At this stage, the cubs’ fur is quite downy. As they grow, their under-fur will become thinner and their coat will become a bit more course. Photo by Ryan Hawk, Woodland Park Zoo.

This video shows a quick recap of the exam including a very loud little patient. Video by Kirsten Pisto, Woodland Park Zoo.

The tiniest members of the pride remain off view in the maternity den where they are bonding in quiet surroundings and are monitored by zookeepers through a den cam. Dad Xerxes is on exhibit in the African Savanna daily and Mom Adia is given the option to go outdoors to the exhibit twice a day. “The cubs are developing increased mobility, which is a critical skill before they are introduced to the outdoor public exhibit”, explained mammal curator Martin Ramirez. “We also are waiting for warmer outdoor temperatures.”

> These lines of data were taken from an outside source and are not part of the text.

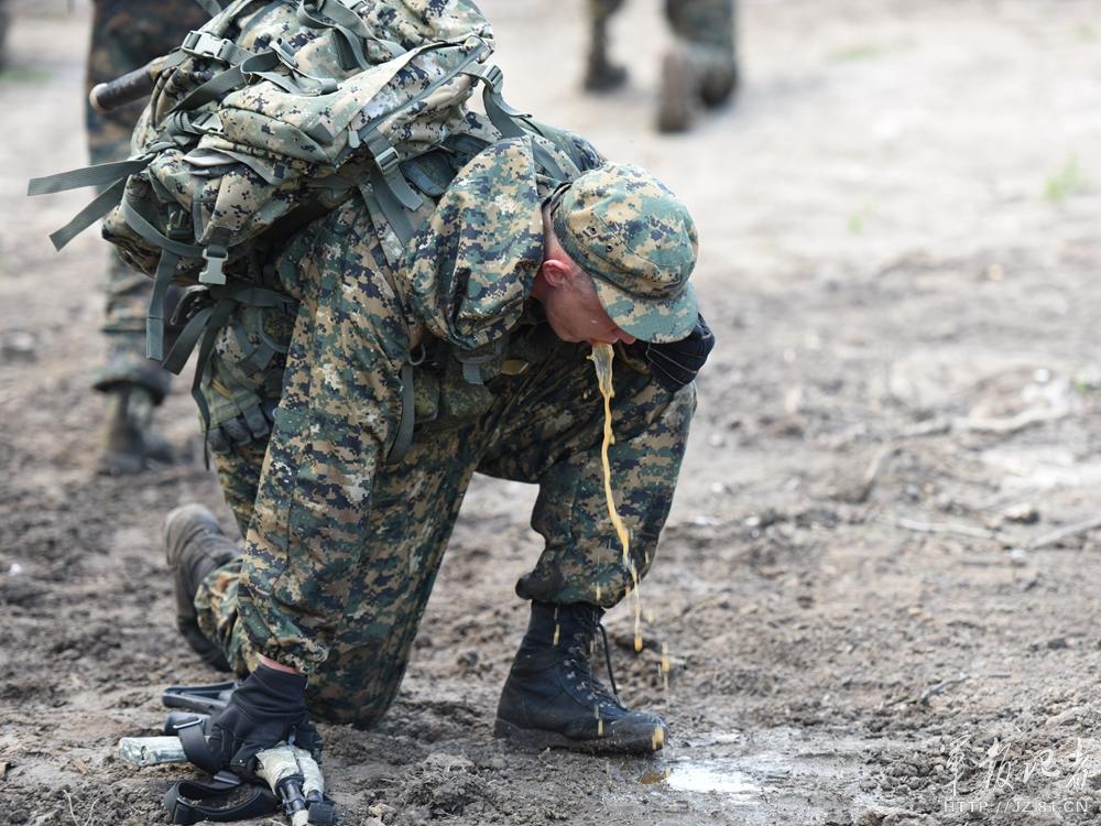 俄军侦察兵比赛后累得呕吐不止
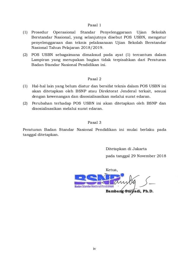 Prosedur Operasional Standar Pos Usbn 2019 Sd Smp Sma Smk Bsnp
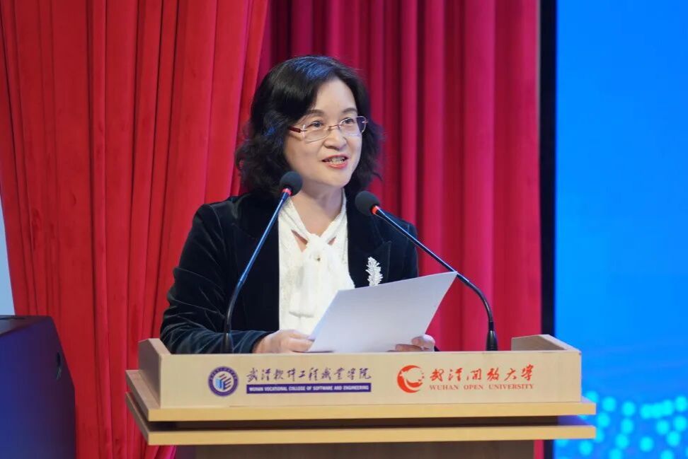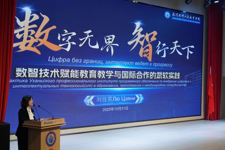 刘佳霓致辞,她代表学校全体师生,向哈萨克斯坦教育代表团一行表示热烈欢迎!她表示,此次研讨会是落实两国教育合作共识的具体行动,学校愿以会议为平台,与哈萨克斯坦Talap教育代表团及各院校、企业深化合作,共同探索AI时代职业教育创新发展新路径。
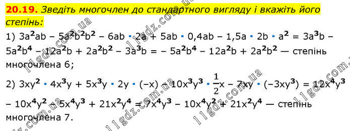 20.19. Зведіть многочлен до стандартного вигляду і вкажіть його степінь: 1) 3a2ab – 5а2b2b2 – 6ab ∙ 2а + 5аb ∙ 0,4ab – 1,5а ∙ 2b ∙ а2 = 3a3b – 5а2b4 – 12а2b + 2a2b2 – 3а3b = – 5а2b4 – 12а2b + 2а2b2 — степінь многочлена 6; 2) 3ху2 ∙ 4x3у + 5х3у ∙ 2у ∙ (–х) – 10х3y3 ∙ 1/2х – 7ху ∙ (–3хy3) = 12х4y3 – 10х4y2 – 5х4y3 + 21х2y4 = 7х4y3 – 10х4y2 + 21х2y4 — степінь многочлена 7.
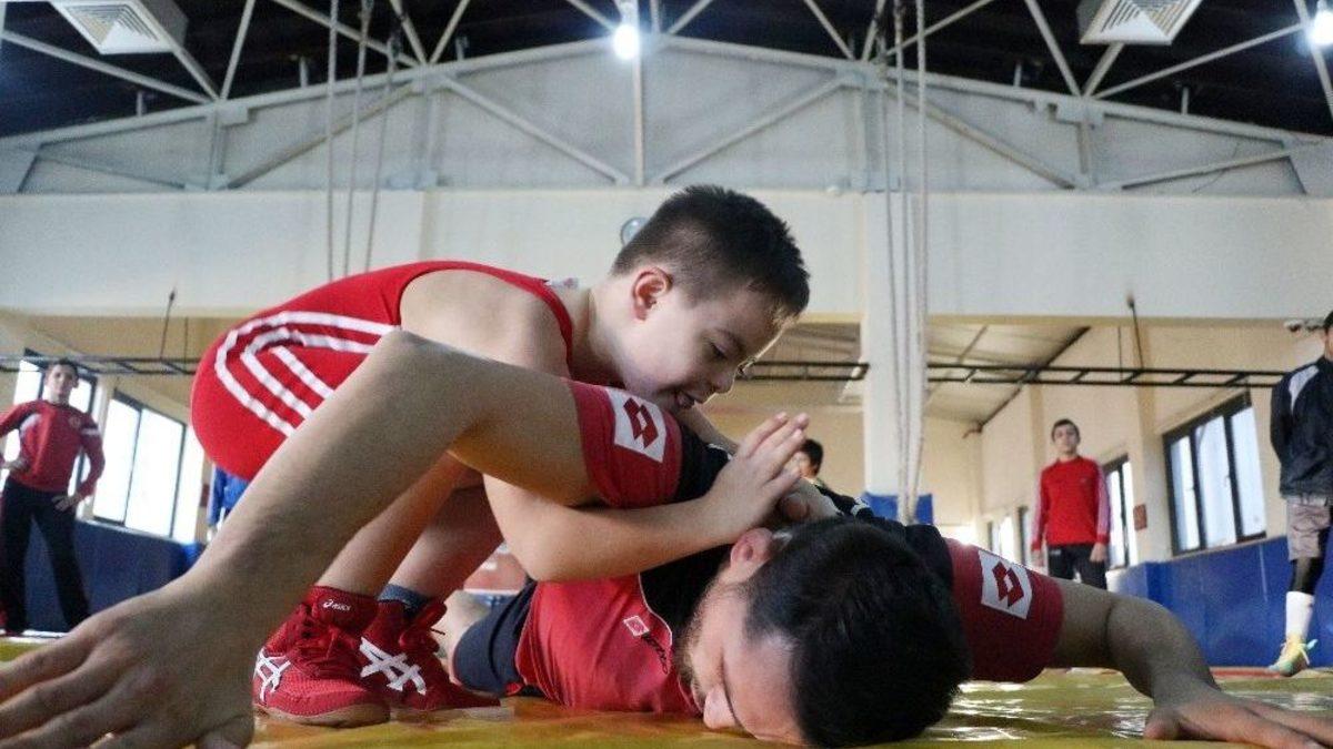 Mersin’de 2 yıl önce başladığı güreş eğitiminde büyük ilerleme kaydeden ve şu anda güreş tekniklerini öğrenen down sendromlu 9 yaşındaki Fatih Emirhan Türkmen, öğrendiği teknikleri minderde sergilemeye başladı. Son olarak Adana’da Dünya ve Olimpiyat Şampiyonu Taha Akgül ile maç yapan Türkmen, dünyadaki down sendromlulara örnek oldu.Down sendromlu olarak dünyaya gelen ve 4-5 yaşında iken jimnastiğe başlayan Emirhan, sağlık durumlarından dolayı bu sporu bırakmak zorunda kaldı. Ardından geçirdiği kalp ameliyatı nedeniyle de vücut gelişimi yaşıtlarına göre geri kalan Emirhan, güreş antrenörü ve eski milli sporcu Ali Burak Toy sayesinde 7 yaşında güreşle tanıştı. Mersin Güreş Eğitim Merkezi’ne gelen Emirhan, oyun oynayarak ve güreş yapan arkadaşlarını izleyerek başladığı güreşte, 2 yılda güreş tekniklerini öğrendi. Yaptığı tekniklerle artık özel müsabakalarda mindere çıkan Emirhan, son olarak Adana’nın Yüreğir ilçesinde gerçekleşen Türkiye Büyük Erkekler Serbest Güreş Şampiyonası’nda Dünya ve Olimpiyat Şampiyonu Taha Akgül ile gösteri maçı yaptı. Taha Akgül’e öğrendiği teknikleri uygulayan Emirhan, izleyenlerin büyük takdirini toplarken, dünyadaki bütün arkadaşlarına da örnek oldu.Emirhan ile ilgili İHA’ya açıklamalarda bulunan anne Esin Türkmen, oğlunun down sendromlu olarak dünyaya geldiğini söyledi. Güreşin oğlunun hayatına 2 yıl önce girdiğini kaydeden Tükmen, "Burak hoca sağolsun gördü ve güreşe müsait dedi. Sonra ikisi de inandı ve birbirlerini çok sevdiler. Şu anda da güreşi çok seviyor. Spora başladıktan sonra Emirhan daha sosyalleşti, öğretmeninden çok güzel tepkiler alıyorum, arkadaşlarıyla çok daha iyi, ifadeleri çok fazla değişti. Ben oğlumun güreş yapmaya devam etmesini çok isterim. Buradaki çocuklar da onu çok seviyor ve ilgileniyorlar. Burası Emirhan’ın ikinci yuvası oldu. İnşallah devam eder" dedi."Dünyada bunun bir örneği yok"Antrenör Ali Burak Toy ise Fatih Emirhan’ı güreşe kazandırmak için çalışmalarını sürdürdüklerini kaydetti. Emirhan’ın ailesinin kendisinden mental ve fiziksel anlamda gelişimini sağlaması için yardım istediğinde bulunduğunu söyleyen Toy, "Önce Emirhan ile birlikte bazı fiziksel hareketleri yapmaya başladık. Ardından Emirhan’ı güreş salonuna getirmeye başladım. Amacım Emirhan’ın sadece gezmesiydi. Emirhan burayı çok sevdi. Emirhan çocukları alıp, güreş yapmaya çalıştı. Bizde Emirhan akıllı bir çocuk, bilinci çok açık acaba güreş tekniklerini kavrayabilir mi dedik? Çünkü dünyada bunun bir örneği yok. Biz denemek istedik. Emirhan kısa zamanda büyük yol kat etti. Şu anda kurallı güreş yapabilecek bir düzeye geldi. Bunun da meyvesini toplamaya başladık" diye konuştu.Emirhan’ın tekniklerin hepsini yapmayı başardığını vurgulayan Toy, "Büyüklerinin maçlarına gittiğinde kendisinin de maç yapmak istediğini bana sürekli söylüyordu. Ancak biz böyle bir kategori olmadığı için maçlara çıkaramıyorduk. Ancak özel izinlerle Emirhan’ı maçlara çıkarmaya başladık. Genelde buradaki arkadaşları, ben, kimi zamanda şampiyon güreşçiler Emirhan’ı kırmayıp, maç yapmaya başladılar. Böyle durumda olan çocuklara evet kıyafet giydiriyor, mindere çıkarıyorlar ama yapay bir durum oluyor. Onlarda güreş olmuyor. Emirhan’da durum farklı. Emirhan normal güreşçiler gibi, güreş tekniklerini yapabiliyor. Normal maç gibi hakemin kontrolü dahilinde yenebiliyor. En büyük avantajı bu. Biz Emirhan ile başladığımız yolda acaba diğer down sendromlu bireylere ulaşıp, acaba güreş yapabilir miyiz diye bir proje yürütüyoruz. Şu anda projemiz bitti. Artık Emirhan’a partnerler bulacağız" ifadelerini kullandı."Taha gerçekten Emirhan’a güzel bir zaman yaşattı"Emirhan’ın geçen yıl minderde yaptığı mücadelenin görüntülerinin tüm dünyada ses getirdiğini kaydeden Toy, "Emirhan aslında hem Türkiye’nin hemde uluslararası anlamda herkesin yakından tanıdığı bir isim. Taha ile yapılan maç da aslında onun bir neticesi oldu. Taha Akgül de Emirhan’ı tanıyor ve Emirhan ile bir araya gelip, tanışmak istiyordu. Taha ile konuştuğumuzda Adana’ya Emirhan’ı getirir misin dedi. Ben getiririm ama Emirhan’ı mindere çıkartırım, maç yaparsınız dedim. Kendisi bizim gururumuz, çok mütevazı, çok başarılı bir arkadaşımız. O yüzden de Emirhan’ı kırmadı mindere çıktılar. Taha Türkiye Şampiyonası final maçını kazandı ve Türkiye şampiyonu oldu fakat karşısında Emirhan’ı bulunca sevgiye boyun eğdi ve sevgiye tuş oldu. Gerçekten Taha’nın bu davranışı büyük bir alkışı gerektirir. Taha kardeşimize böyle bir duyguyu yaşattığı için teşekkür ederim. Taha maçtan sonra da soyunma odasında Emirhan’ı kucaklayarak, öptü. Taha gerçekten Emirhan’a güzel bir zaman yaşattı, Emirhan’da Taha’ya aynı şekilde" dedi.
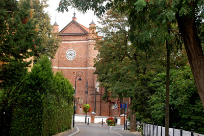 Przez korony wysokich drzew przebija się widok szczytu głównego miejscowego zabytku – kościoła p. w. Zwiastowania NMP. Na brzegu Narwi widać trochę niewielkich budynków, później przystań z imponująco dużym stateczkiem wycieczkowym, który przypłynął tu z warszawskiego Żerania i wkrótce będzie wracał w rejs powrotny do stolicy.
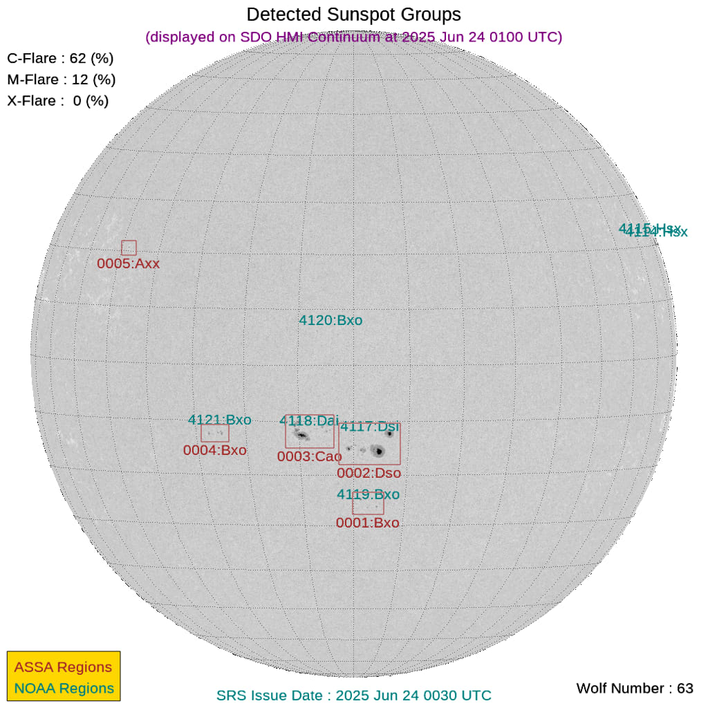 現時点で地球正面の黒点群は[4117, 4118, 4119, 4120]です。←黒点番号が振られていない活動領域でもフレアは発生しますので、あくまで目安として捉えてください。
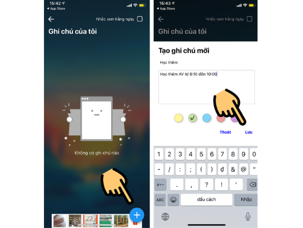 Bước 3: Chọn biểu tượng dấu + và nhập chi tiết ghi chú > Nhấn chọn Lưu là hoàn tất.
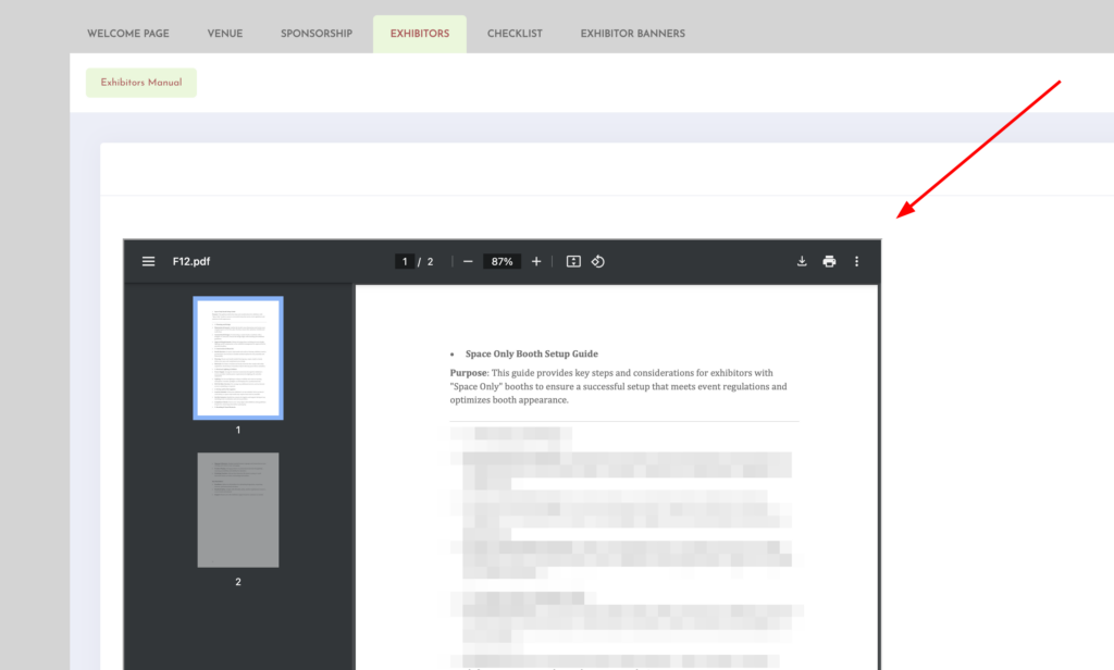 Your exhibitors or sponsors will be able to view the file on your event pages as shown below:

The keepers work closely with vet staff to ensure a quick and smooth exam. Here the vet techs draw a bit of blood while keeper Christine soothes the cub. Photo by Ryan Hawk, Woodland Park Zoo.

Martin tells us that Dad Xerxes currently has limited access to his cubs, but he continues to show positive signs that he wants to bond. “We are drafting a plan for introducing Xerxes to his cubs and are confident that he will join Adia in the parenting role of teaching them how to be lions and roughhousing,” said Ramirez.

The cubs, born October 24, 2014 are now important ambassadors in the lion species survival program. Xerxes arrived in the spring from El Paso Zoo to be paired with Adia under a breeding recommendation by the Species Survival Plan (SSP) for African lions. Adia arrived in 2010 from Columbus Zoo and Aquarium, in Ohio. SSPs are a complex system that matches animals in North American zoos based on genetic diversity and demographic stability.

Woodland Park Zoo supports the Ruaha Carnivore Project, which focuses on the importance of predators to healthy ecosystems, through the Lion Species Survival Plan Conservation Campaign. To help support the project, adopt a lion through the zoo’s ZooParent Adoption Program:


Anonymous said…
What are the lion cubs names?
Anonymous said…
How will Xerxes be introduced to his cubs?
No official names just yet. Stay tuned!
Very, very carefully. :-) Xerxes has been able to see, hear and smell the cubs, which is an important first step. We hope to slowly introduce the animals together for short periods of time in the same physical space. We'll take our cue from mama Adia to determine when she might be comfortable with trying.
Unknown said…
Will Xerxes return to El Paso or will he remain at the Woodland zoo?
Xerxes will remain here and hopefully the whole pride will be together in the near future!